:: Data ::
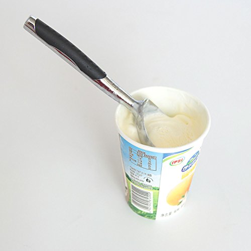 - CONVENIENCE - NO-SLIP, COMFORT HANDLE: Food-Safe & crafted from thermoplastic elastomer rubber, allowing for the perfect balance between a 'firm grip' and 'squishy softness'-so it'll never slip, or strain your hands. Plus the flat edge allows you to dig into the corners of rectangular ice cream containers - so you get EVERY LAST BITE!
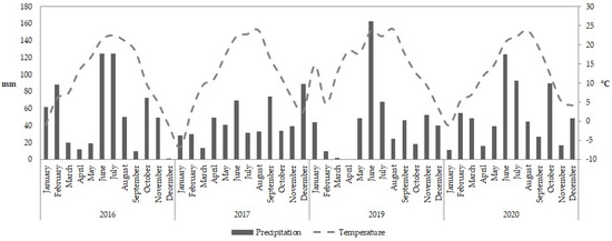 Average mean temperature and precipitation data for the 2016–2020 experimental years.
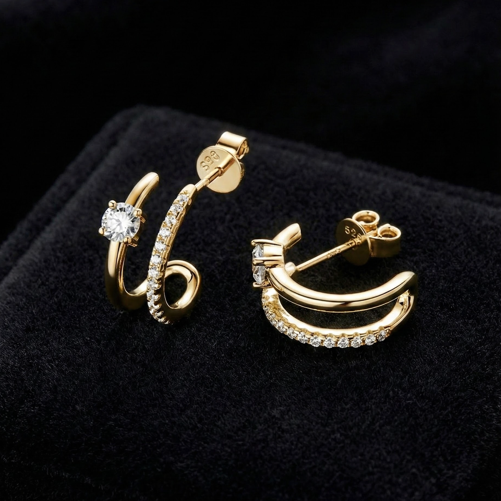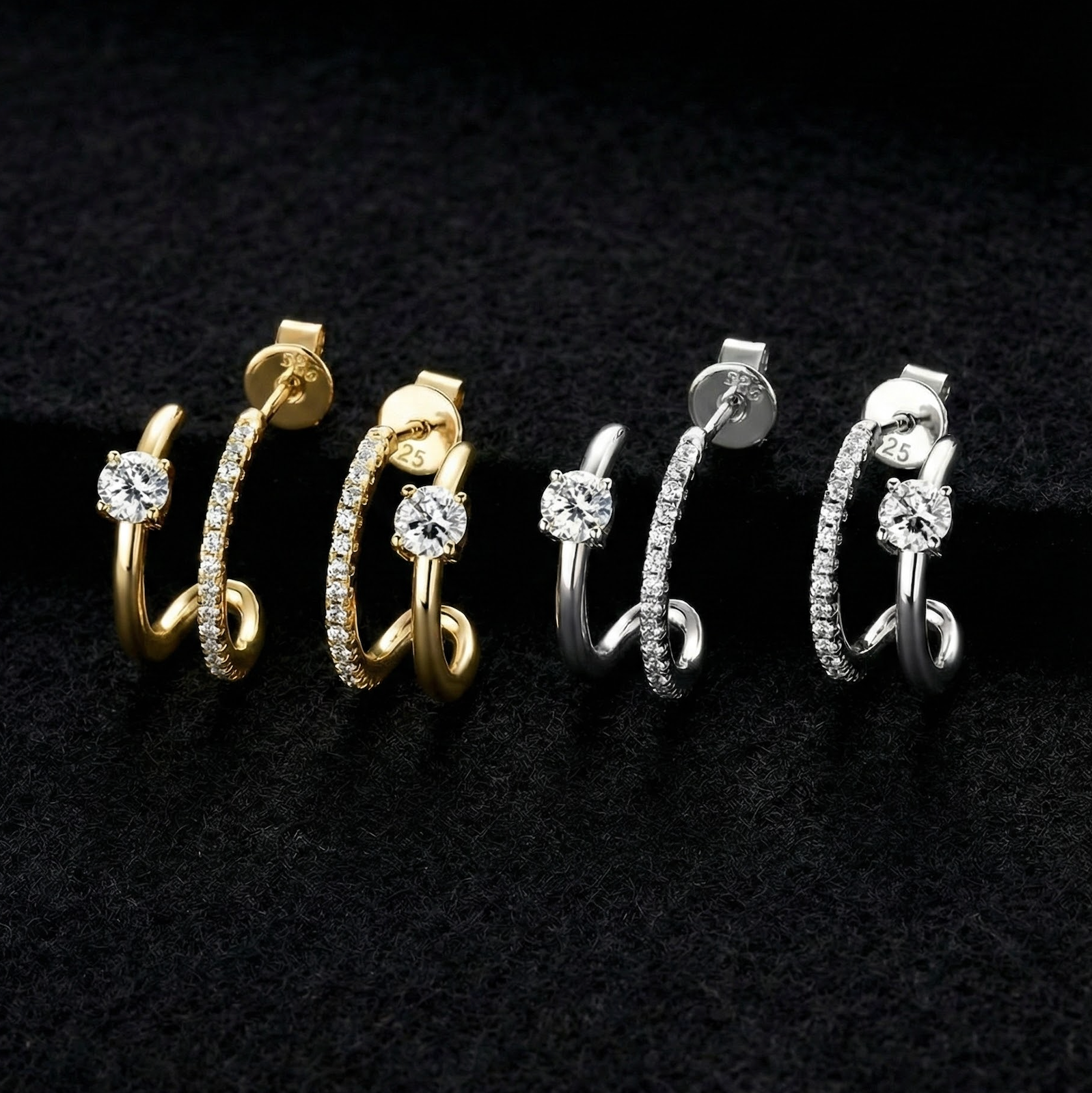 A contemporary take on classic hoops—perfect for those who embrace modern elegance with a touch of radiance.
:::
### What is needed
Where pictures appear, drop them, and reproduce exactly only the lines running from the beginning of the data to the line that contains "Average mean temperature", inclusive.

### Answer to this problem
 - CONVENIENCE - NO-SLIP, COMFORT HANDLE: Food-Safe & crafted from thermoplastic elastomer rubber, allowing for the perfect balance between a 'firm grip' and 'squishy softness'-so it'll never slip, or strain your hands. Plus the flat edge allows you to dig into the corners of rectangular ice cream containers - so you get EVERY LAST BITE!
 Average mean temperature and precipitation data for the 2016–2020 experimental years.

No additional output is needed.